== Recorded information ==
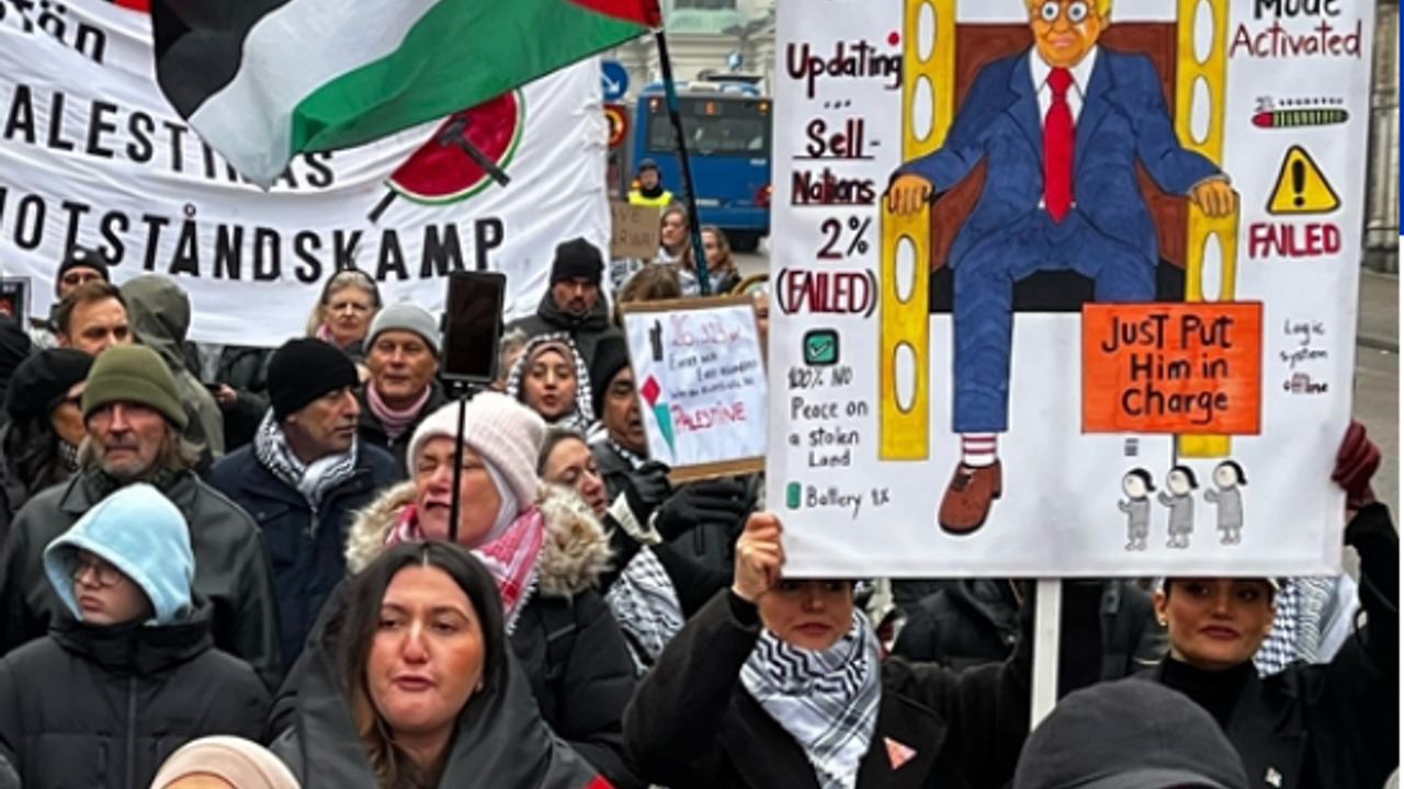 Stockholm'ün Odenplan bölgesinde toplanan göstericiler, Trump'ın Gazze'ye ilişkin planına tepki gösterdi.
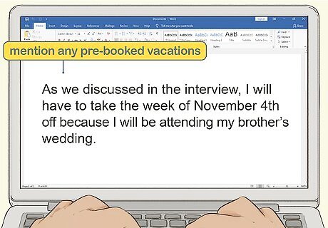 Let your employer know about any pre-booked vacations. It's awkward to ask a new employer for time off before you've even started, but sometimes you have no choice. If you've already booked expensive, nonrefundable plane tickets, or if you have a big event to attend, like a wedding, your employer should work around your schedule. Write, “As we discussed in the interview, I will have to take the week of November 4th off because I will be attending my brother's wedding.” Mentioning your trip in your acceptance letter makes your acceptance contingent upon them giving you this time off, which is a good way to make sure they follow through. Think about it: if your employer won't let you take time off for a really important event, then you probably don't want to be employed by them.
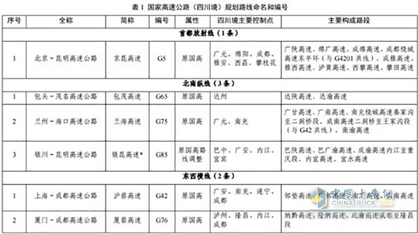 《四川省高速公路網路線命名和編號方案》
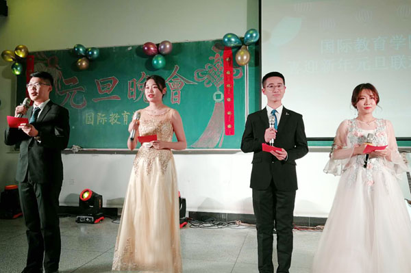 联欢晚会由文艺表演和游戏互动环节组成。歌曲《你一定要幸福》《最美的太阳》《魔鬼中的天使》,群口相声《同学会》,乐队演奏《知足》,舞蹈《抖音舞蹈串烧》《Killing Me》等节目,充分展现了国教学子积极向上、青春洋溢的精神风貌。晚会在《相亲相爱》的歌声中圆满落幕。通过同学们自编自导自演的文艺演出,衷心祝愿全院师生在新的一年里百尺竿头更进一步,学业事业蒸蒸日上。

== Problem statement ==
Print the material above exactly as it appears, but not its pictures.

== Solved exercise ==
 Stockholm'ün Odenplan bölgesinde toplanan göstericiler, Trump'ın Gazze'ye ilişkin planına tepki gösterdi.
 Let your employer know about any pre-booked vacations. It's awkward to ask a new employer for time off before you've even started, but sometimes you have no choice. If you've already booked expensive, nonrefundable plane tickets, or if you have a big event to attend, like a wedding, your employer should work around your schedule. Write, “As we discussed in the interview, I will have to take the week of November 4th off because I will be attending my brother's wedding.” Mentioning your trip in your acceptance letter makes your acceptance contingent upon them giving you this time off, which is a good way to make sure they follow through. Think about it: if your employer won't let you take time off for a really important event, then you probably don't want to be employed by them.
 《四川省高速公路網路線命名和編號方案》
 联欢晚会由文艺表演和游戏互动环节组成。歌曲《你一定要幸福》《最美的太阳》《魔鬼中的天使》,群口相声《同学会》,乐队演奏《知足》,舞蹈《抖音舞蹈串烧》《Killing Me》等节目,充分展现了国教学子积极向上、青春洋溢的精神风貌。晚会在《相亲相爱》的歌声中圆满落幕。通过同学们自编自导自演的文艺演出,衷心祝愿全院师生在新的一年里百尺竿头更进一步,学业事业蒸蒸日上。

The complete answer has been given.